In my middlebrow analysis, I always felt he'd put his fingers on the scales on the fiction part so he could "win" the philosophical argument he'd then advance. Which seemed like an odd complaint even as I thought it--of course you'd make up situations that validate you, know? But I guess it felt too artificial.

Pleasantly surprised to see this complaint better phrased by a critic giving it a closer read, in among her other points.
The three novels (for lack of a better term) seem to me marred by their puppetry (too many implausible characters and episodes), by the overbearing knowingness of the narrative commentary, and by the fact that they are so obviously directed at ‘uninitiated’ readers to whom everything must be explained.

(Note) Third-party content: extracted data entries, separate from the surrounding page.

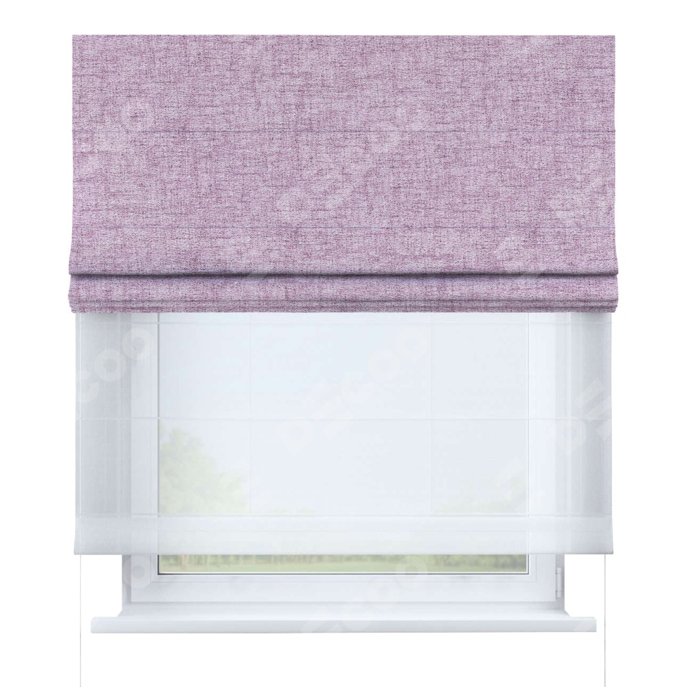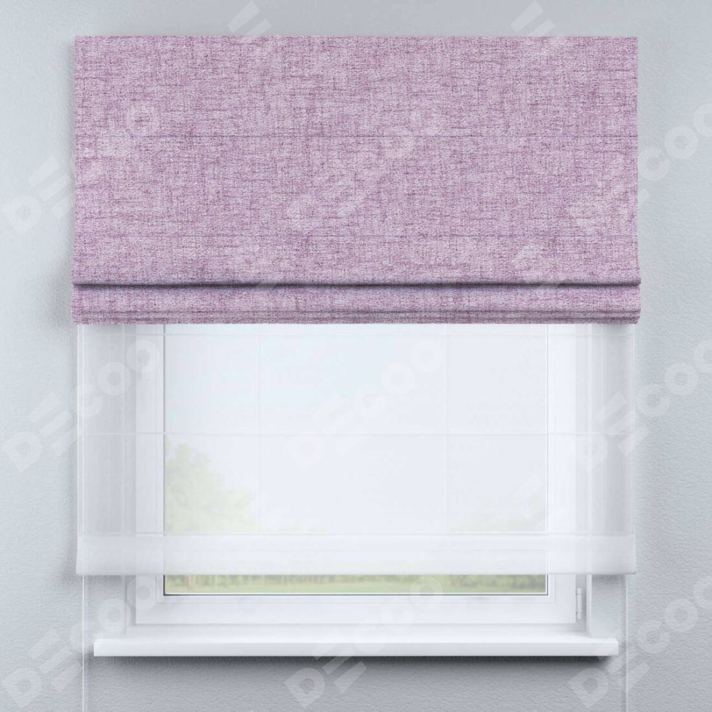 Двойная римская штора «День-ночь» от производителя Cortin предназначена для использования в проёмах. Эта штора уникальна тем, что состоит из двух полотен. На лицевой стороне находится рогожка димаут розовый (артикул: 91031), обеспечивающий эффективное затемнение. В комплект также входит вторая ткань — легкий белый тюль (артикул: V-01), который добавляет изящества и легкости оформлению окна. Кроме того, доступны и другие разновидности ткани тюль, выбор которых доступен по  ссылке .
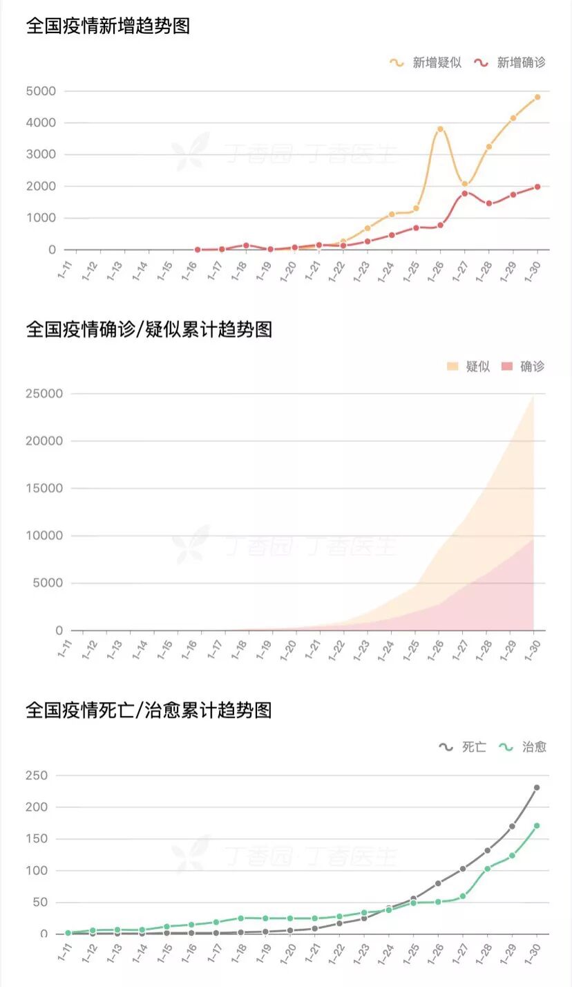 截至 1 月 31 日 12 时 20 分,全国已确诊新型病毒肺炎患者 9720 例,疑似 15238 例,死亡 213 例,治愈 176 例。
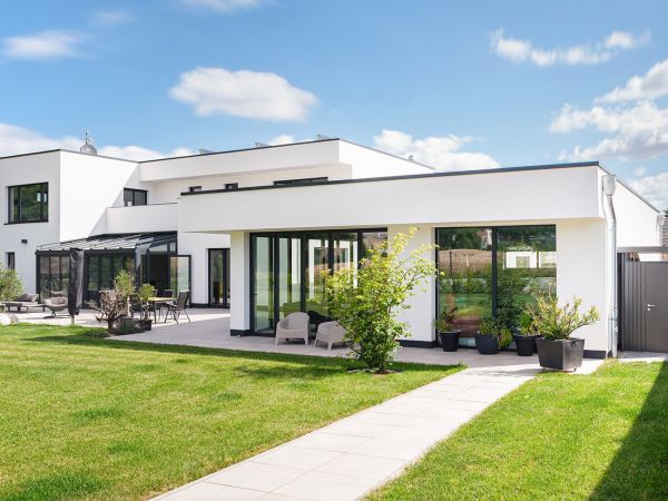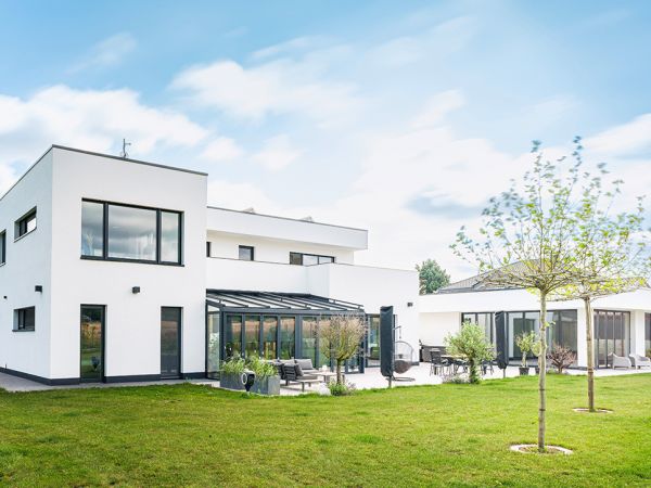Unsere Gestaltung beschäftigt sich mit einem zeitgemäßen Energiekonzept und ökologischer Nachhaltigkeit, die sich geradlinig in die Umgebung einfügt. Der Wintergarten lädt dazu ein, die Jahreszeiten unmittelbar zu erleben, während das Poolhaus eine zusätzliche Dimension des Komforts bietet.

And yet these are the works of prose in which Kundera perfected his method of ‘polyphonic’ composition: a brief narrative episode or a dialogue is sketched out first, to be closely followed by a discursive explication that leaves hardly any space for disagreement or alternative interpretation. [ . . . ] To me, however, Kundera’s mature way of writing feels coercive, suggestive primarily of the author’s overwhelming need to control the reader’s response.
posted by mark k at 5:58 PM on December 13, 2023 [3 favorites]

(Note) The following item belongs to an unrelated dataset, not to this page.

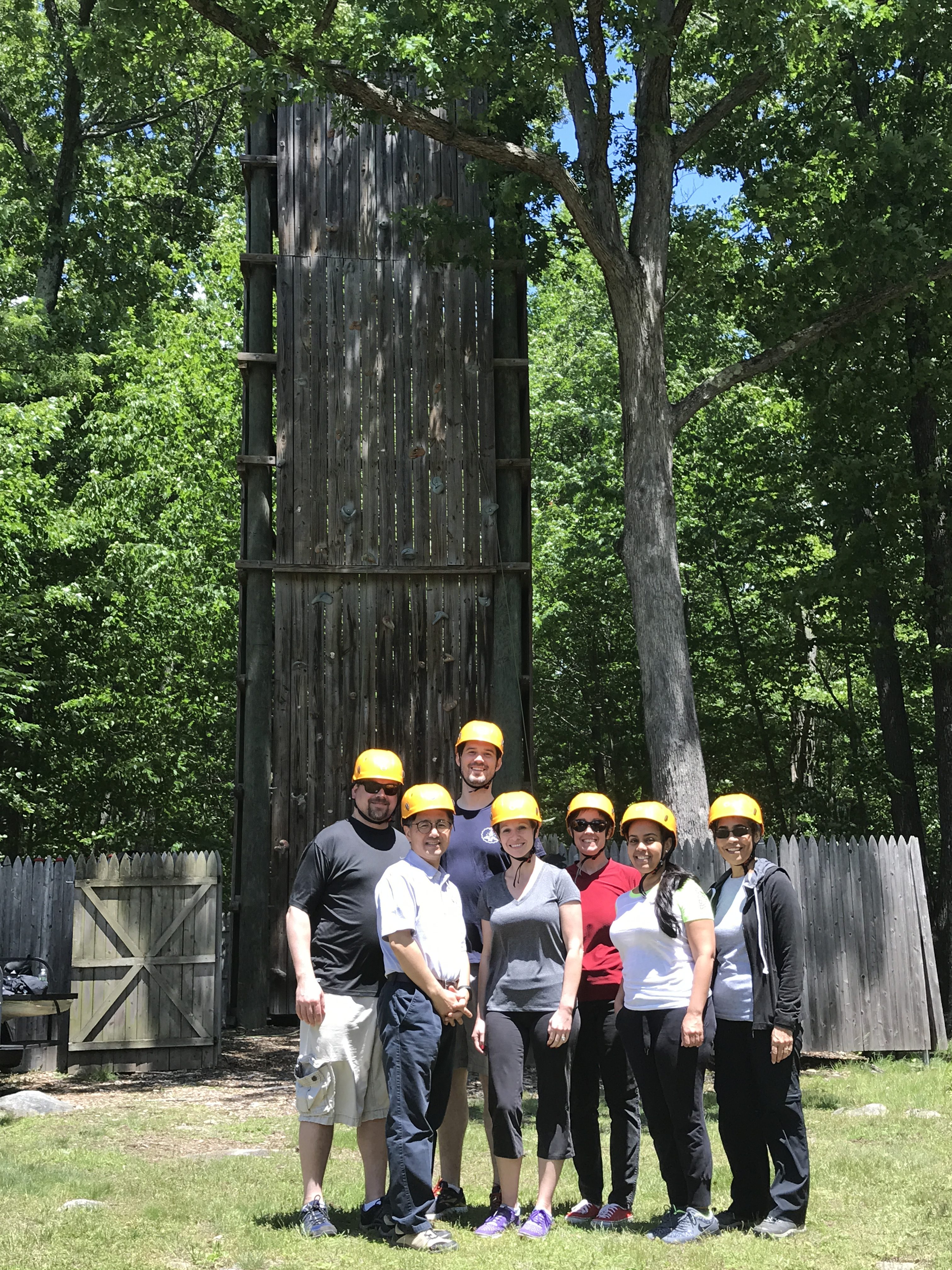 I envisioned our recent SLD Department Retreat day as “an adventure waiting to happen.” As with prior departmental retreat days, we tend to bond in nature or in some form of adventure. This time we were walking into team building activities, a ropes course and a 35-foot rock wall. There were some in our group who had mixed feelings about these team building activities. There were those who were a little apprehensive about heights, the testing of skills with balance, and the unknown of whether or not we would succeed. Like the others, I had no idea if I could successfully accomplish these tasks, but I was up for the challenge.
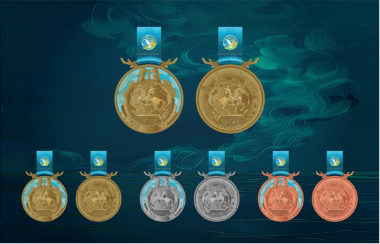 獎牌設計靈感源自鹽城“四色文化”,以標志性建筑大銅馬為核心,環繞新四軍紀念館、文化藝術中心等地標建筑,并以“海浪”波紋裝飾,融入鹽城麋鹿鹿角元素。

Kundera was definitely a literary idol at some point of my youth, but even then it was clear that he had a misogynistic streak, and I have no doubt that if he were alive today he would be aligned with Orban and Putin, supporting Brexit, opposing support for Ukraine and other patriarchal crankiness.
posted by RandlePatrickMcMurphy at 8:36 PM on December 13, 2023 [2 favorites]


This article makes me remember Maciej Ceglowski's "Dating without Kundera". Here's a snippet to whet your appetite:

One of the terrors of dating is Milan Kundera, and specifically, The Unbearable Lightness of Being, the sexually-transmitted book that this Czech-born author has inflicted on a generation of American youth.
[...]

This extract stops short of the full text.